Data shown —
*** Block opens ***

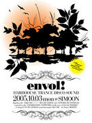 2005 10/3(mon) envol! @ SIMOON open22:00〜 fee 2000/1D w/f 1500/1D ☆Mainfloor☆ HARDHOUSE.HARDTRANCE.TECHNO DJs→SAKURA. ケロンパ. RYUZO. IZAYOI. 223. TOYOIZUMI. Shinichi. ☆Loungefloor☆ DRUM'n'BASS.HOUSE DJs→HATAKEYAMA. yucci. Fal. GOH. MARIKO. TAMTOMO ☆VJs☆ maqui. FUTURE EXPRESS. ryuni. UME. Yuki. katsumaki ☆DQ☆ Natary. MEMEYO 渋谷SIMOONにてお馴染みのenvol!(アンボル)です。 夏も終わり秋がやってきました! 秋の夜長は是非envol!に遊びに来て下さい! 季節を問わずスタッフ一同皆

*** Block closes ***
*** Block opens ***

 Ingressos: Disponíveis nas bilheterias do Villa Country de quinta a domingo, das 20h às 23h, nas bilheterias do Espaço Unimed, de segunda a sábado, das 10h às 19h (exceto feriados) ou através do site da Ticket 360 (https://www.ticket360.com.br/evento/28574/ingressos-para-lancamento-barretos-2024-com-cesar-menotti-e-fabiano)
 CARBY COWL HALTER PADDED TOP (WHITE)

*** Block closes ***
*** Block opens ***

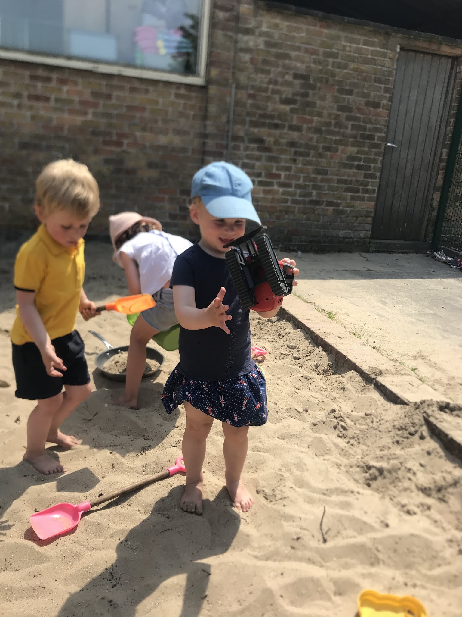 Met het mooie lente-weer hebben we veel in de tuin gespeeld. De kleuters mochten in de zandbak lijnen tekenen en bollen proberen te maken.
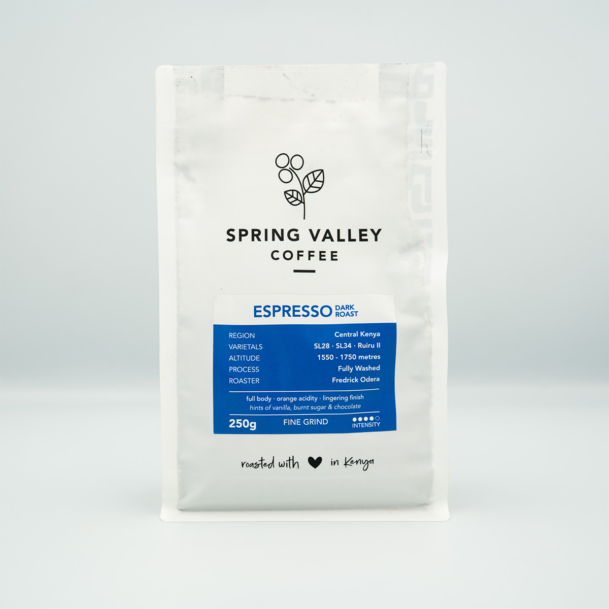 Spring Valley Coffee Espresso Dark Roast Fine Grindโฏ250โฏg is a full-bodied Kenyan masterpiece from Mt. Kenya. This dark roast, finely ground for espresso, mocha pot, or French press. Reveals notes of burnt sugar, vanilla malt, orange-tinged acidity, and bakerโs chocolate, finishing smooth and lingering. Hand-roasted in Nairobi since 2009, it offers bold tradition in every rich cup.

*** Block closes ***

Reproduce the entries above exactly, but only the lines between the line holding "Ingressos: Disponíveis nas" and the line holding "CARBY COWL HALTER PADDED TOP (WHITE)", inclusive.

 Ingressos: Disponíveis nas bilheterias do Villa Country de quinta a domingo, das 20h às 23h, nas bilheterias do Espaço Unimed, de segunda a sábado, das 10h às 19h (exceto feriados) ou através do site da Ticket 360 (https://www.ticket360.com.br/evento/28574/ingressos-para-lancamento-barretos-2024-com-cesar-menotti-e-fabiano)
 CARBY COWL HALTER PADDED TOP (WHITE)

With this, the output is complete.